Un po’ di questa geografia è rimasta innestata nel nostro dna. Così ci pare che Ceuta sia più vicina a noi di Kiev, anche se le distanze, via terra, sono praticamente simili, poco più di duemila chilometri, e la prima sia indiscutibilmente Africa mentre l’altra è da sempre Europa. Gaza e Hortmuz ci sembrano a ugual distanza, mentre il golfo è lontano il triplo.

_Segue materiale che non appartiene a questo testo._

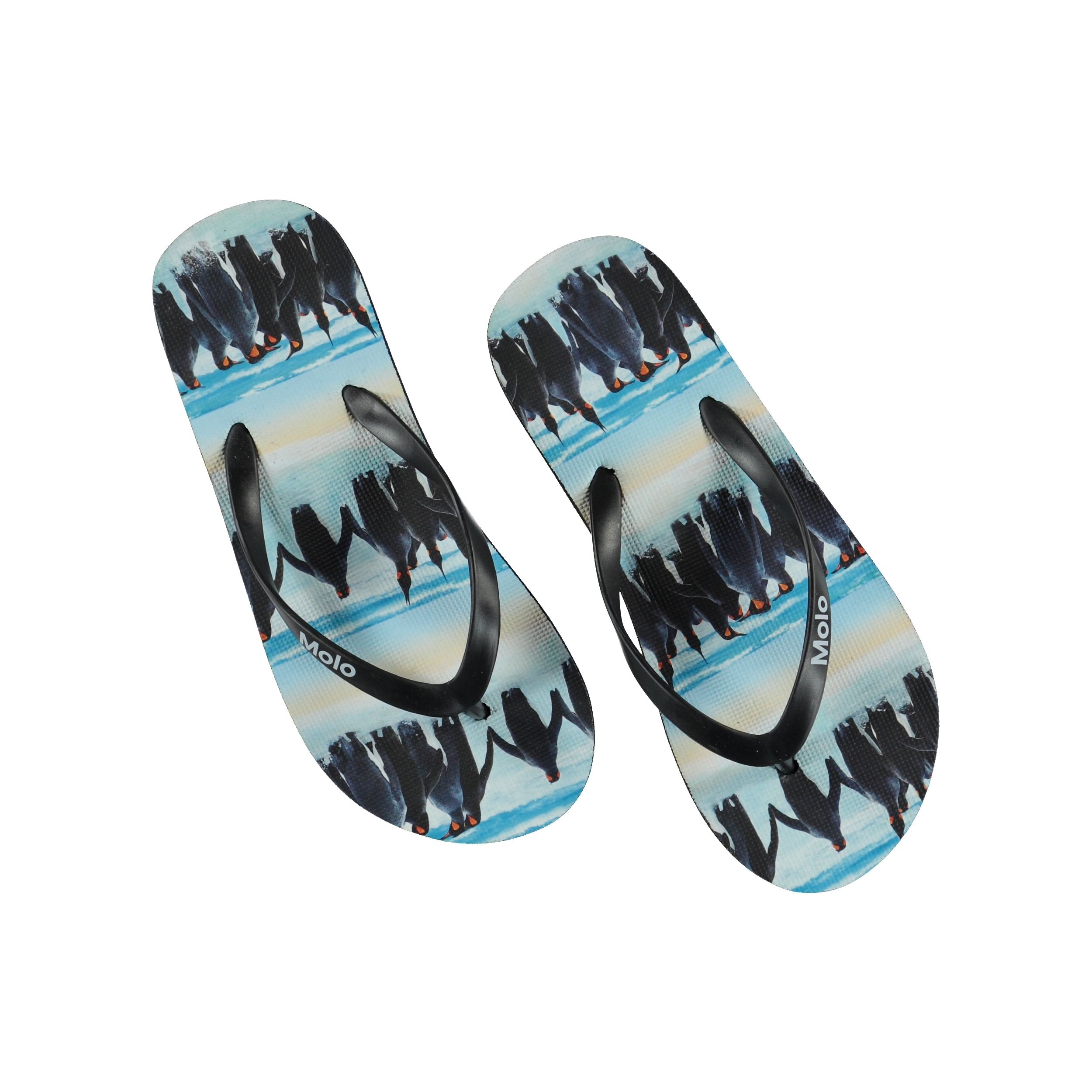 Molo's Zeppo teenslippers zijn een must om je tenen koel te houden in de zomerse hitte. Deze teenslippers hebben een pinguïnprint.

Potremmo parlare di permanenza della storia sui territori. Con riemersioni carsiche. Da almeno vent’anni la Turchia ha messo in secondo piano le aspirazioni europeiste per riabbracciare lo spirito Ottomano. Così pretende di allungare la sua influenza dai Balcani alla Mesopotamia, e di dire la sua in Libia e fino al Mar Arabico.

Ma anche nel cuore dell’Europa ogni tanto rispuntano insospettati legami, come quelli asburgici fra Ungheria, Repubblica Ceca, Slovacchia, Polonia, Slovenia, Croazia, Transilvania… quel che appare strano è che questo sogno trova le maggiori resistenze proprio in Austria. Sono pulsioni che incontrano ragioni e prospettive appena si allarga una cartina e si seguono fiumi, alture e vallate.

Anche in tempi di GoogleMaps. Ci si chiede addirittura quanto pesi la geografia digitale in questo quadro, osservando come missili e droni, che ogni notte infiammano i cieli di Ucraina e Russia, siano orientati sui luoghi più facili da geolocalizzare, come i centri commerciali, i centri intermodali, le reti dei servizi.

Quanto ci servirebbe, infine, un po’ di geografia per comprendere quel che sta accadendo in questa estate torrida e infuocata. Il clima è uno degli assi portanti delle conoscenze geografiche. E i cambiamenti climatici stanno disegnando nuove geografie: ghiacciai e riserve idriche, flora e fauna, colture e deserti, mari e vie di passaggio. Chi controlla i territori mutati? La geografia ci insegnerebbe almeno che la Terra non è piatta, è rotonda, tutto è collegato e tutto torna.